# E Collar Opinions



## Guest (Jul 23, 2007)

I have been reading a lot about many of the collars and I am stuck between the Dogtra 1600 NCP, 1700NCP or the Tri Tronics Sport Combo G 3. I am an amateur trainer and a die hard waterfowler. I need a really tough and rugid collar. Any advice or opinions, or to let me know I am way off and need to look at another brand would be greatly appreciated. Thanks for all the help.


----------



## badbullgator (Dec 20, 2004)

Tri tronics is the only way to go. see the thread about customer service from TT on the main forum


----------



## Keith Stroyan (Sep 22, 2005)

*Dogtra*

I've had many brands, but my all-time favorite is the Dogtra 1800.


----------



## Guest (Jul 24, 2007)

For me the Dogtra line can't be beat for the durability. I had the 1200NCP for 4 years and put it through ringer. Ran it for countless hours in extreme conditions; cold, ice, rocks, sand, heat, etc. The collar was never babied, it was thrown in the back of the truck, bounced around on gravel roads, etc. Very much to my amazement it never missed a lick. Had it broken I wouldn't have been suprised and it would have been no fault of Dogtra's. This year I decided to move up to the 3500 NCP Super-X because of all the additional features it offered that my old 1200 NCP didn't. I decided to send my 1200NCP back to get it refurbished once and keep it for a back up. Called customer service and they were very helpful. Sent them the collar and they had it back in less than 10 business days looking like brand new. Everybody has a story regardless of what brand you look at, I know from my personal experience I'll never have anything but a Dogtra.


----------



## Markjens (Nov 20, 2005)

*Dogtra*

I am a Dogtra fan....I have the 2 dog 1700 Ncp. I have not had one problem....I can't say that for the other brands I've used.

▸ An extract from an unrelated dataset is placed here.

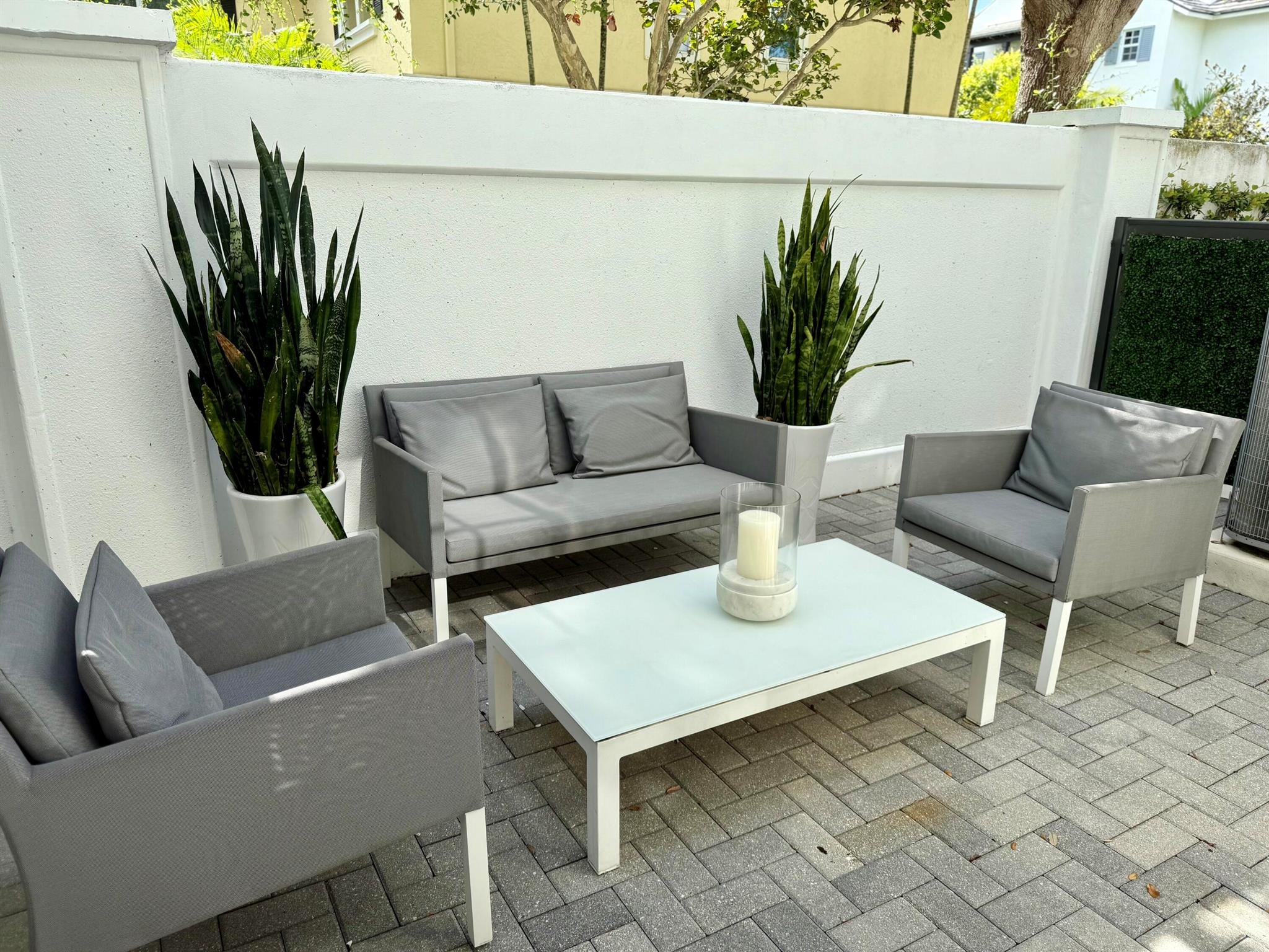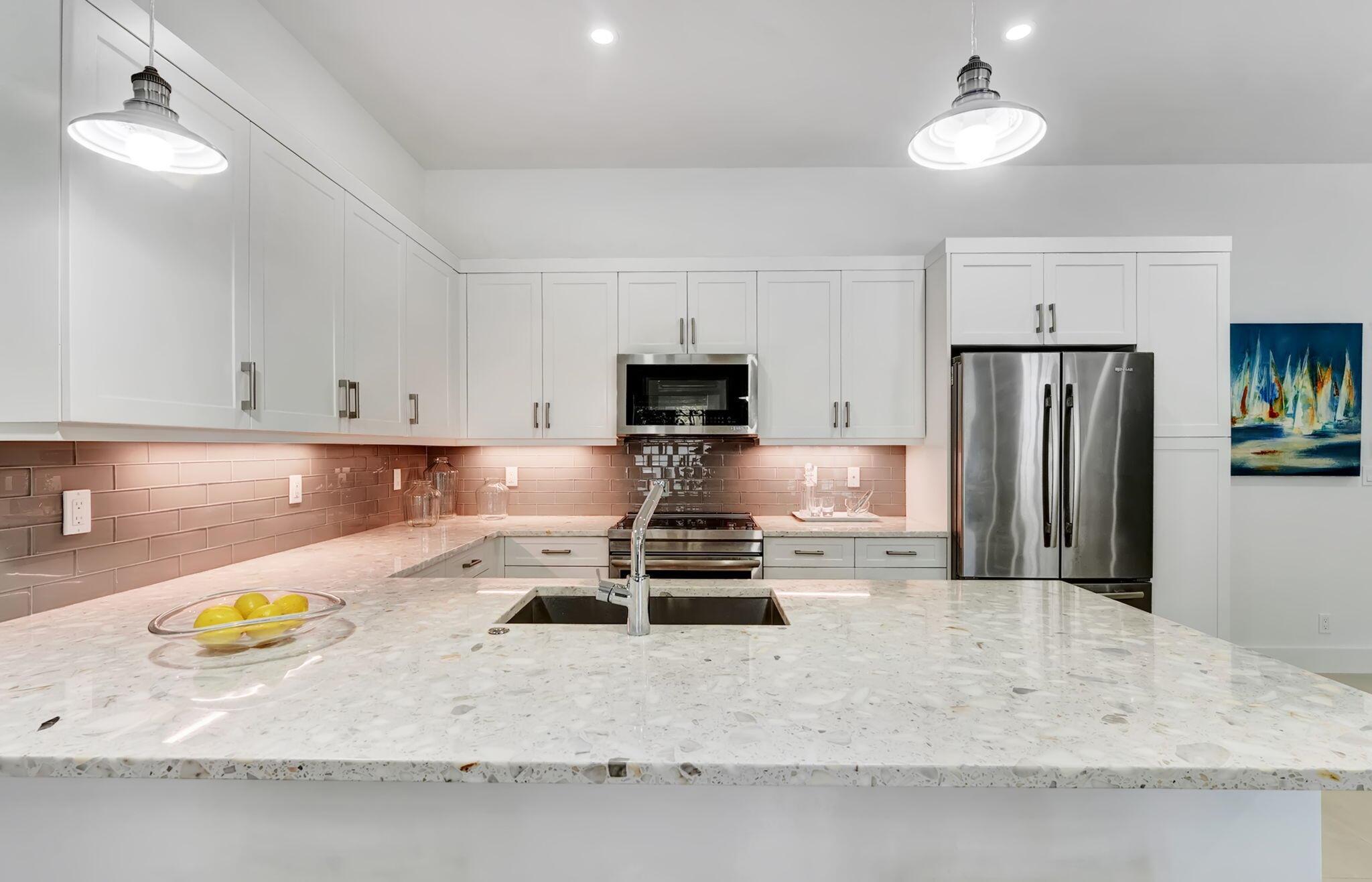 Welcome to this rarely available coastal contemporary townhome located in the most sought-after spot within the charming St. George community. This bright, immaculate home features an open floor plan designed for modern living, blending luxury and comfort. Cook in the gorgeous kitchen showcasing high end cabinetry, an expansive peninsula, quartz/marble countertops and Jenn Air appliances. Beautiful neutral tile flows through the main level, while warm wood floors upstairs add a touch of cozy sophistication. The spacious primary suite is a luxurious retreat, including a spa-inspired bathroom appointed with marble floors and countertops and two walk- in closets. The outdoor space truly makes this property special. French doors open to your private outdoor oasis

For me the LCD screen is nice so I can see the exact intensity level....and it holds a nice long charge.


----------



## Rhett Riddle (May 16, 2006)

I would go with the dogtra 1700. Its a great collar, that I've gotten great results with. I would recommend it to anyone. I know when I go into the field that I have a reliable product.


----------



## Jason E. (Sep 9, 2004)

Dogtra is the way i would go also look at the new 3500 dogtra has.


----------



## Guest (Jul 24, 2007)

*One more question*

Just wanted to thank everyone for all the advice. I have heard with the dogtra 1700 it is really easy to get in a bad habit of cranking up the intensity to high with the free dial since it goes from 0-127. Has anyone had any problems with this? I have spoken with a few guys who said that's one feature they did not like. Any more advice on this would be great. Thanks again!!


----------



## Jason E. (Sep 9, 2004)

*Re: One more question*



quackem1 said:


> Just wanted to thank everyone for all the advice. I have heard with the dogtra 1700 it is really easy to get in a bad habit of cranking up the intensity to high with the free dial since it goes from 0-127. Has anyone had any problems with this? I have spoken with a few guys who said that's one feature they did not like. Any more advice on this would be great. Thanks again!!


Have never had a problem , really i think its a great advantage being able to see exactly where u r at so u dont go to high.


----------



## Jason E. (Sep 9, 2004)

Also, Regarding the rheostat turning on any Dogtra e-collar.
Go try one out and you'll see for yourself the chances of it turning by 
accident
are very slim or none. It takes two fingers to turn the rheostat.
As for "cranking it up to high" couldn't this happen with any e-collar
if you're not paying attention?


----------



## Keith Stroyan (Sep 22, 2005)

*1800*

The 1800 has "clicks", my 2000 doesn't. The clicks and smaller size and belt around the receiver are why I prefer the 1800, but the 2000 has been very durable.

TT Flyway and 200 are great collars, too, but I don't have a comparison with the newest models or with the 1700 & 3500 Dogtras.


----------



## texasbirdhunter (Jul 8, 2007)

*e-collars*

If you want a collar that is durable, has a great warranty, if you ever have a problem, and is still made in America, you only have one choice, TT , which in my opinion is the finest one out there---


----------